Print only the lines from the top of the data through the line with "٢٨٥١ - قَالَ", both included, skipping every picture.

*** Material for the task

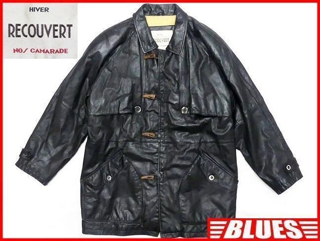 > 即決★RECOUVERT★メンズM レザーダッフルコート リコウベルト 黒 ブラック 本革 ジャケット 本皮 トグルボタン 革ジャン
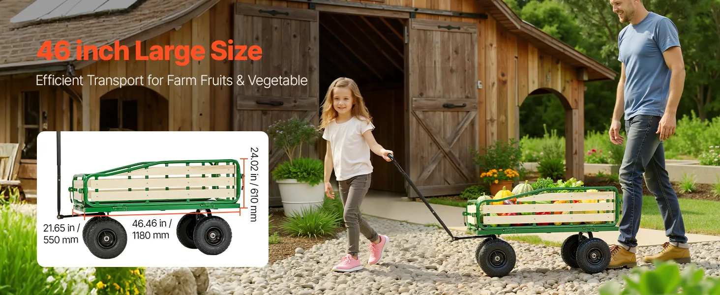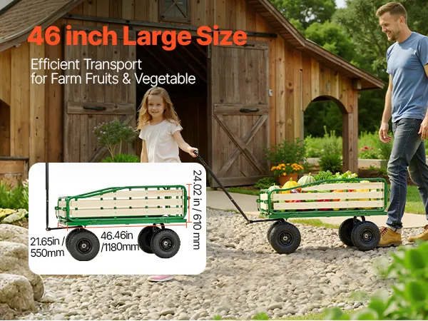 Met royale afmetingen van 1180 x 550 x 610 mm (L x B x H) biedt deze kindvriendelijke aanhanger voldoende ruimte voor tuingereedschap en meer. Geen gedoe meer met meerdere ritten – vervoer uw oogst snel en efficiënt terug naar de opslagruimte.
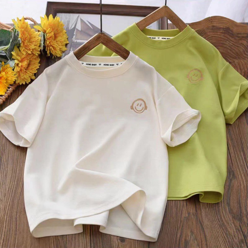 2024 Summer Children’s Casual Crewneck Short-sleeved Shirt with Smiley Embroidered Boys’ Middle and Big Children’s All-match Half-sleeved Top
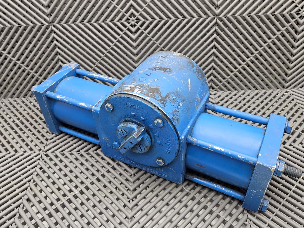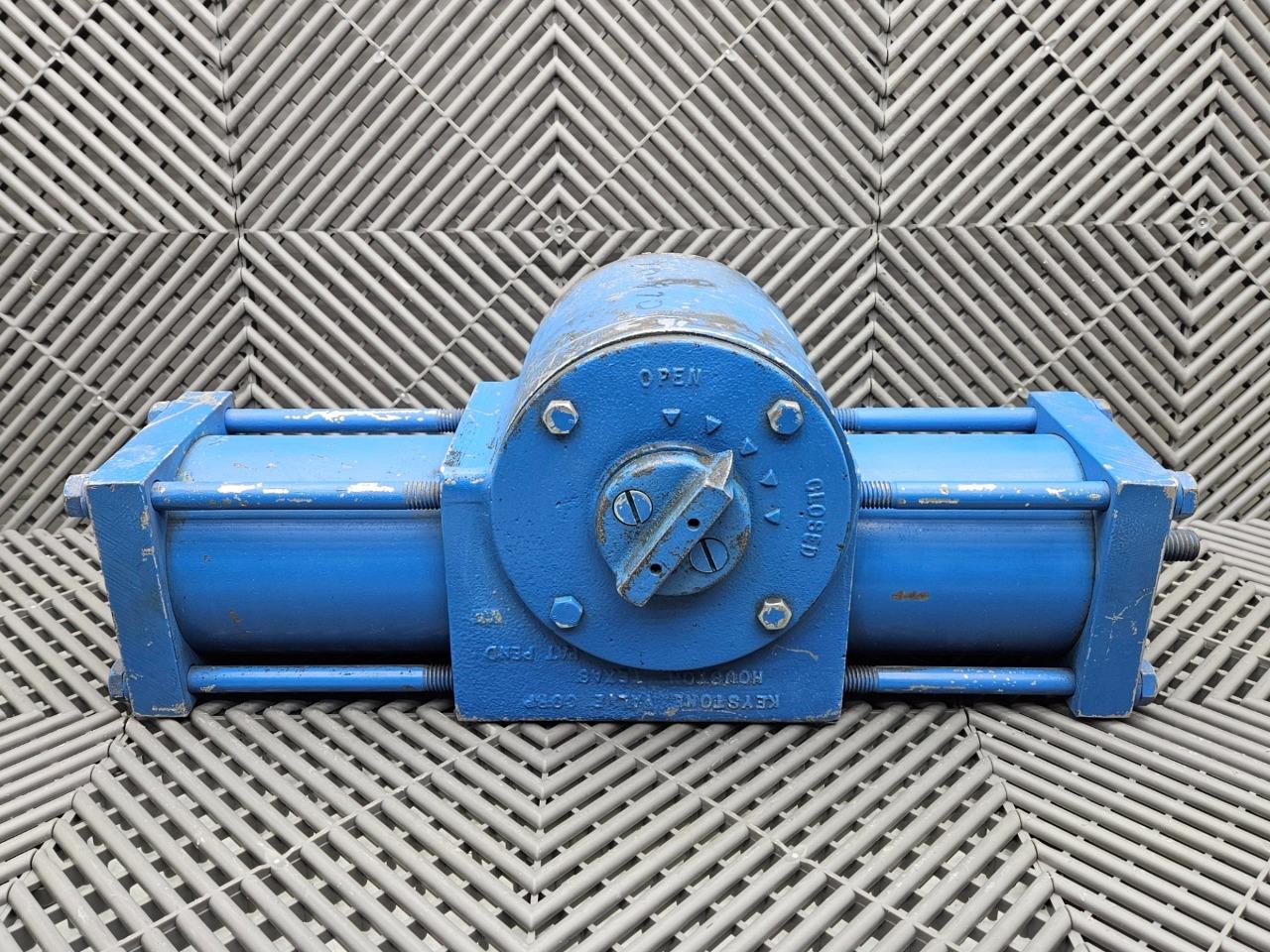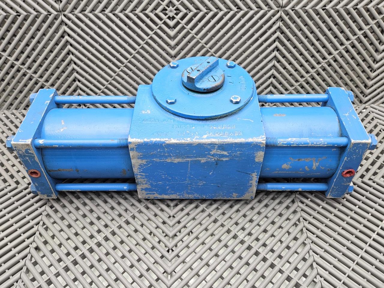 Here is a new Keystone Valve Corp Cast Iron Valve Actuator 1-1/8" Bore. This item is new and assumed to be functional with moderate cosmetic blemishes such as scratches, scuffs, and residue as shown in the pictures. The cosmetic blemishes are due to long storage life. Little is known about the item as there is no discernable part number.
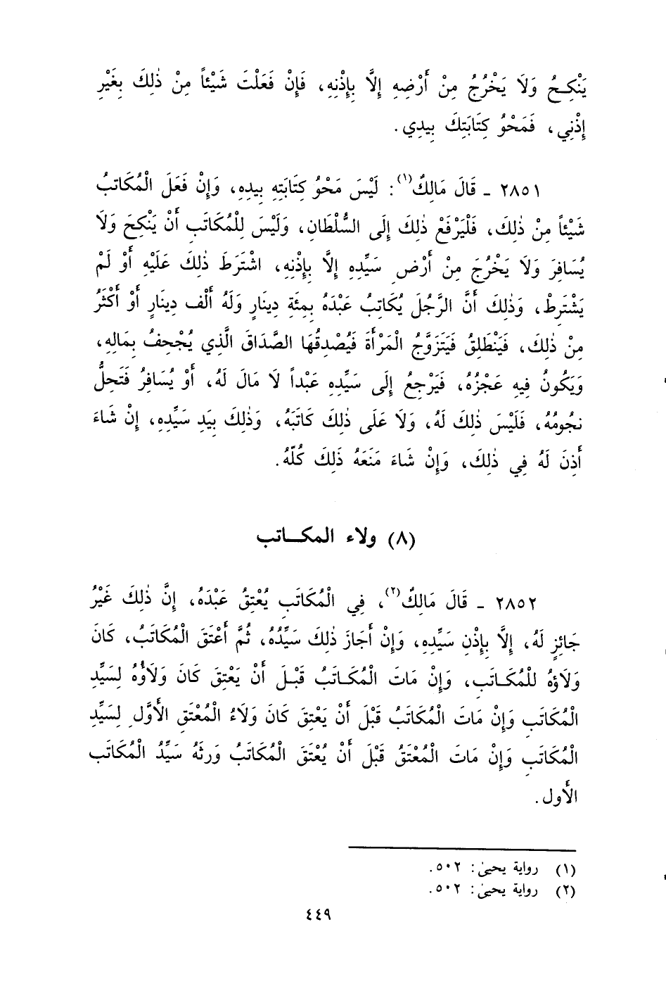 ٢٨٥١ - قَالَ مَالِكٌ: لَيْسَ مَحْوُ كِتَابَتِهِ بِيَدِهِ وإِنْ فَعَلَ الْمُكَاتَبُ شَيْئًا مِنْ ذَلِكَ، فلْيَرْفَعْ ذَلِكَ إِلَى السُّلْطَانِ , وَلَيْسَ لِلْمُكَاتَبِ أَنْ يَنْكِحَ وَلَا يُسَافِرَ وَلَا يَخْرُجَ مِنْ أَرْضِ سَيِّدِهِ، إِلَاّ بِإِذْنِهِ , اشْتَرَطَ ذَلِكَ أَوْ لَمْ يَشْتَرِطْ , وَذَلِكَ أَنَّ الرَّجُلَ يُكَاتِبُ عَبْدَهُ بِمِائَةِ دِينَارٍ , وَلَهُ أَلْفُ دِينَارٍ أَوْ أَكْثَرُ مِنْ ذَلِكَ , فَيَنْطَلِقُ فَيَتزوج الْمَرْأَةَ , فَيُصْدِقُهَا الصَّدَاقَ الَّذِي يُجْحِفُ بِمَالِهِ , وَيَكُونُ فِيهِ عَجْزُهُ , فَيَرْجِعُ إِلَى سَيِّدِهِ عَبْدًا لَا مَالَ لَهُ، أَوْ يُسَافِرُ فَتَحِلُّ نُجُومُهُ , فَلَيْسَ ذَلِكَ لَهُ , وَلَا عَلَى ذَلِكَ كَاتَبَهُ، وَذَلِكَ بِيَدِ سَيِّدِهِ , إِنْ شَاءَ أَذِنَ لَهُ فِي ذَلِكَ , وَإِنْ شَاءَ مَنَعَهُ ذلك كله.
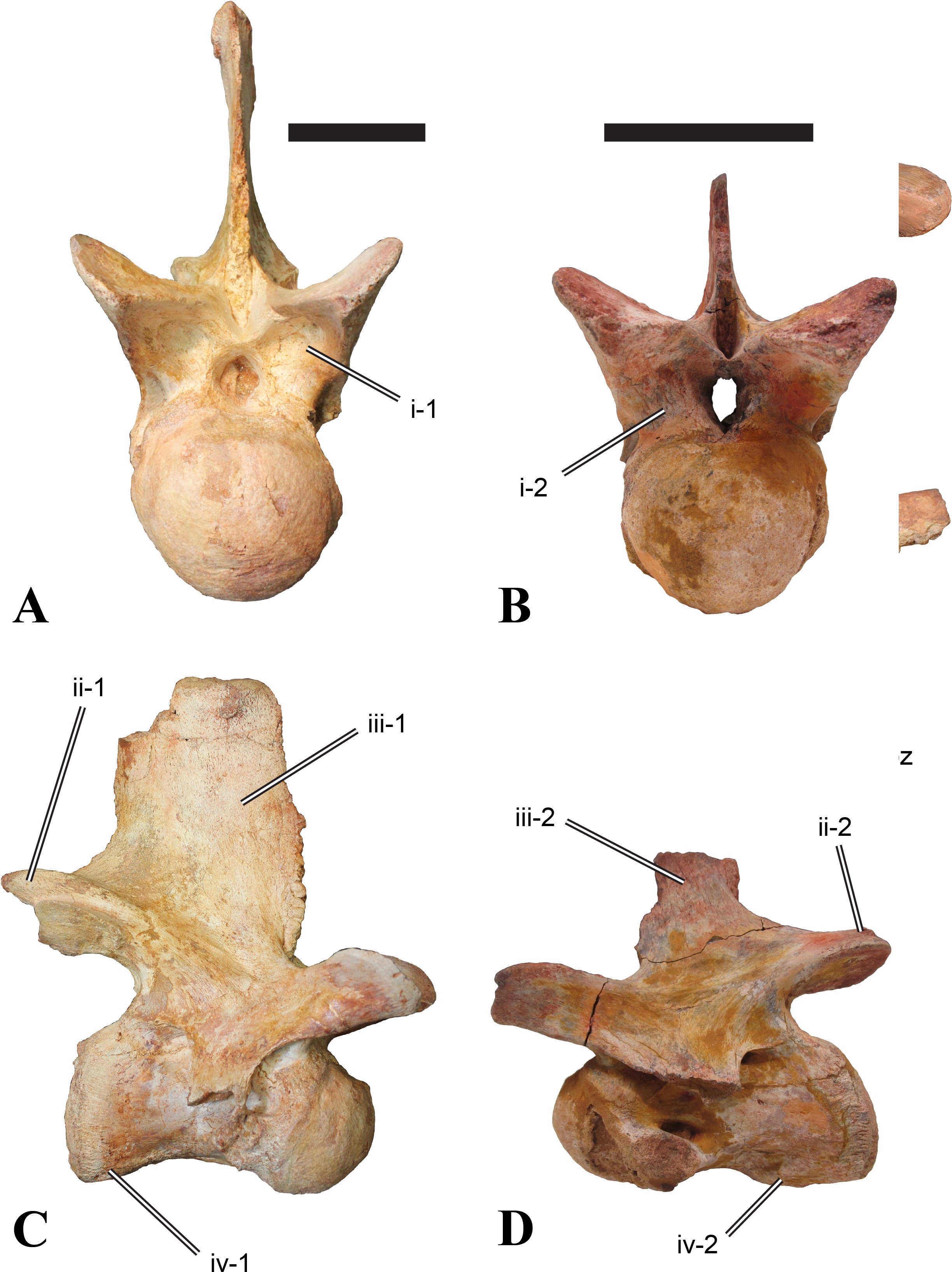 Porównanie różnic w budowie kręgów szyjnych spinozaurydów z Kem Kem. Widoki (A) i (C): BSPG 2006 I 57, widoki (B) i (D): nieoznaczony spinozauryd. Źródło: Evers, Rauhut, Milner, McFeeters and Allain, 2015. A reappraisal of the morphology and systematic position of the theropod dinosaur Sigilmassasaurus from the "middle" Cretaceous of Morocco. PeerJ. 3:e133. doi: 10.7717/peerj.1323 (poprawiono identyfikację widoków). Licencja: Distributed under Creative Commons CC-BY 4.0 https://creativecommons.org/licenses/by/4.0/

******

### Task result
 > 即決★RECOUVERT★メンズM レザーダッフルコート リコウベルト 黒 ブラック 本革 ジャケット 本皮 トグルボタン 革ジャン
 Met royale afmetingen van 1180 x 550 x 610 mm (L x B x H) biedt deze kindvriendelijke aanhanger voldoende ruimte voor tuingereedschap en meer. Geen gedoe meer met meerdere ritten – vervoer uw oogst snel en efficiënt terug naar de opslagruimte.
 2024 Summer Children’s Casual Crewneck Short-sleeved Shirt with Smiley Embroidered Boys’ Middle and Big Children’s All-match Half-sleeved Top
 Here is a new Keystone Valve Corp Cast Iron Valve Actuator 1-1/8" Bore. This item is new and assumed to be functional with moderate cosmetic blemishes such as scratches, scuffs, and residue as shown in the pictures. The cosmetic blemishes are due to long storage life. Little is known about the item as there is no discernable part number.
 ٢٨٥١ - قَالَ مَالِكٌ: لَيْسَ مَحْوُ كِتَابَتِهِ بِيَدِهِ وإِنْ فَعَلَ الْمُكَاتَبُ شَيْئًا مِنْ ذَلِكَ، فلْيَرْفَعْ ذَلِكَ إِلَى السُّلْطَانِ , وَلَيْسَ لِلْمُكَاتَبِ أَنْ يَنْكِحَ وَلَا يُسَافِرَ وَلَا يَخْرُجَ مِنْ أَرْضِ سَيِّدِهِ، إِلَاّ بِإِذْنِهِ , اشْتَرَطَ ذَلِكَ أَوْ لَمْ يَشْتَرِطْ , وَذَلِكَ أَنَّ الرَّجُلَ يُكَاتِبُ عَبْدَهُ بِمِائَةِ دِينَارٍ , وَلَهُ أَلْفُ دِينَارٍ أَوْ أَكْثَرُ مِنْ ذَلِكَ , فَيَنْطَلِقُ فَيَتزوج الْمَرْأَةَ , فَيُصْدِقُهَا الصَّدَاقَ الَّذِي يُجْحِفُ بِمَالِهِ , وَيَكُونُ فِيهِ عَجْزُهُ , فَيَرْجِعُ إِلَى سَيِّدِهِ عَبْدًا لَا مَالَ لَهُ، أَوْ يُسَافِرُ فَتَحِلُّ نُجُومُهُ , فَلَيْسَ ذَلِكَ لَهُ , وَلَا عَلَى ذَلِكَ كَاتَبَهُ، وَذَلِكَ بِيَدِ سَيِّدِهِ , إِنْ شَاءَ أَذِنَ لَهُ فِي ذَلِكَ , وَإِنْ شَاءَ مَنَعَهُ ذلك كله.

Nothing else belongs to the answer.